In theory, most lawmakers seem to agree with Gregoire’s call for fiscal restraint. But one-on-one, everyone seems to have at least one modest proposal. And there are 147 lawmakers.
“We’re all going to ask for something,” said Sen. Darlene Fairley, D-Seattle.
Environment: Environmental groups and lawmakers want to build on last year’s successes in Olympia with several proposals: cleanup dollars for Puget Sound and perhaps the Spokane River; a free drop-off system for old computers, TVs and other electronic waste, paid for by manufacturers; a ban on some toxic flame retardants; and more alternative fuel production.
Gay rights: For more than a decade, liberal lawmakers have been trying to ban discrimination on the basis of sexual orientation in housing, employment and financial matters. (Such a law already exists for race, religion, sex and other categories.) This has repeatedly passed the House overwhelmingly, but last year died – by a single vote – in the Senate. Brown plans to try again.
Not directly related, but overshadowing this debate, is a pending court ruling on the state’s ban on same-sex marriage. The state Supreme Court decision could come at any time.

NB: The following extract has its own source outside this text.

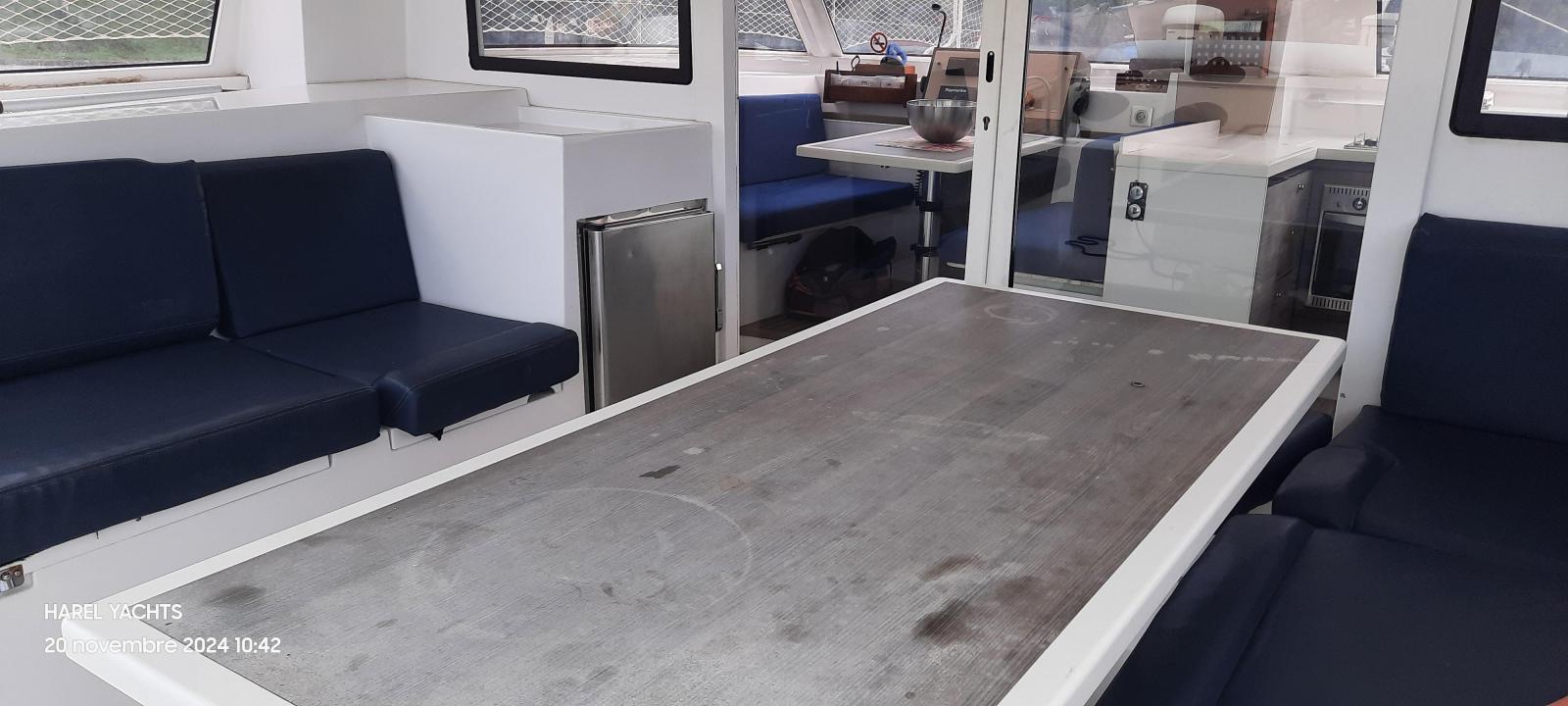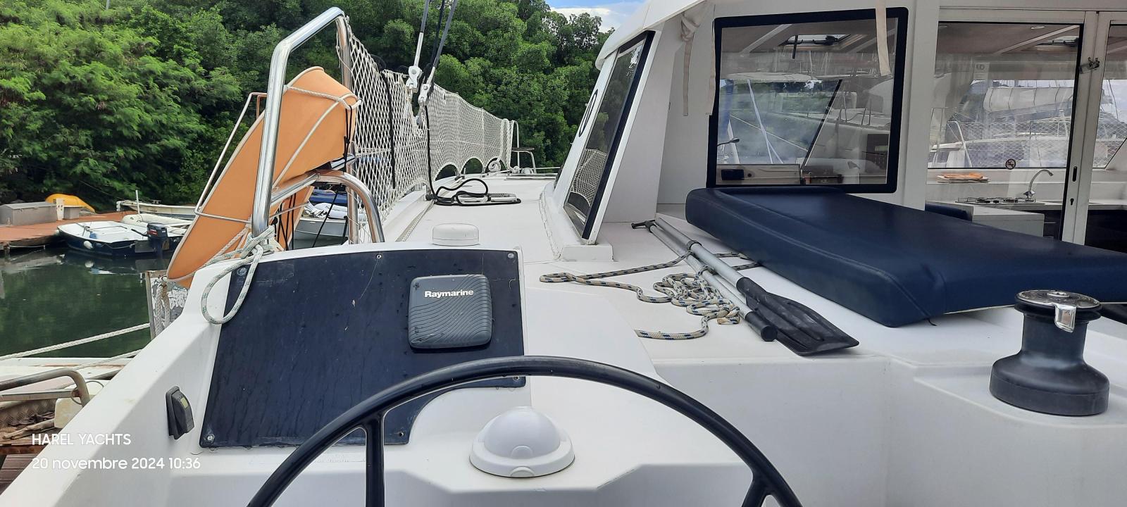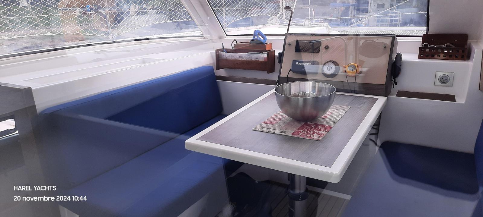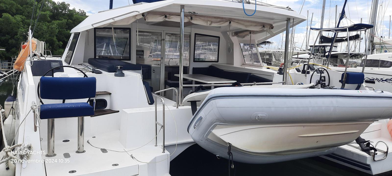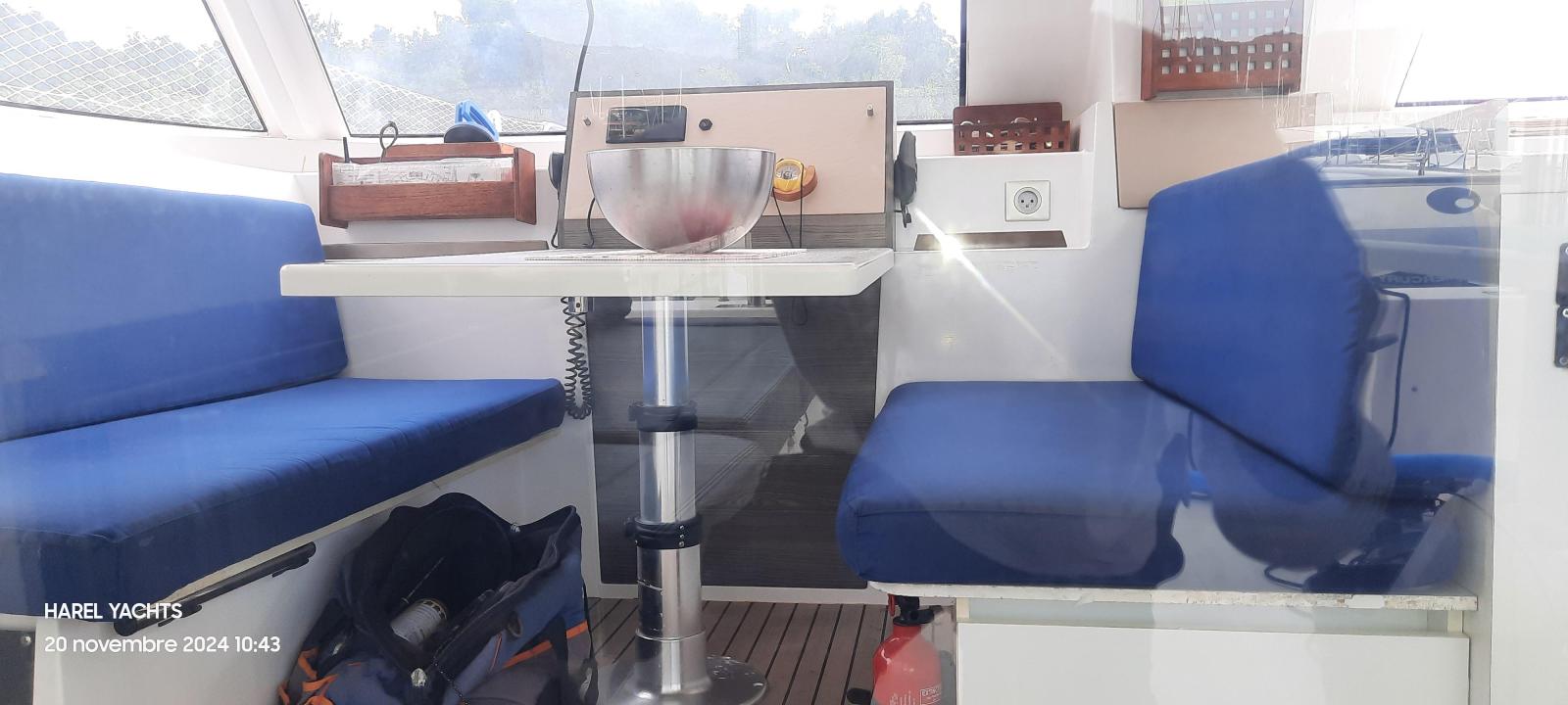 Specification4 double cabins2 toilet compartments2 YMC 30 HP engines. YANMAR( dec 2021 about 1000 h portside).( Stbd is 2014 about 4000 h)Fully battened mainsail ( INCIDENCES october 2022)Genoa Incidence ( October 2022)Rigging shrouds 2024Facnor furlerBimini for helmsmanSide and aft sun covers.Cockpit cushionsHolding tank for 2 toiletsPressurized seawater pump2 foredeck berths220 V mains supply in saloon.Refrigerator 90 L ( 2020)+ freezer 90 liters80-liter cockpit refrigeratorPreserver: 60 LitersWatermaker 60 L/H) AquabaseGPS Map with Antilles CartographyRAYMARINE autopilotAnalog wind indicatorRaymarine Multifunction Tridata indicator ( feb 2022)Multi FI 50 FI-504 indicatorGarmin GPS MAPRaymarine VHF + AISCar radio/MP3/2 speakers (2021)Xantrex link 20 battery controllerInverter Victron Phoenix 12/800 ve ( 2024)Solar panels 375 watts on frame + regulator900 amp service batteriesEngines battery 100 amp (2022)Anchor Kobra 25 kg ( 2022) chain jan 2024Dinghy AB. 9 feet (2022)SAFETY EQUIPMENT FOR 10 PERSONS

WASL: With the high school class of 2008 required to pass the Washington Assessment of Student Learning to graduate, state lawmakers are getting nervous. Gregoire has proposed spending $38 million to help struggling students, and lawmakers are considering alternative testing for some students. Legislative leaders and Gregoire, however, say they don’t want to solve the problem by watering down the test.
Taxes and fees: Republicans want to do away with the state’s estate tax, which they say breaks up family-owned businesses. But Democrats aren’t likely to go along, since losing the tax means losing $100 million a year.
Both sides, however, are discussing doing away with the unpopular “day use fees” that state parks now charge.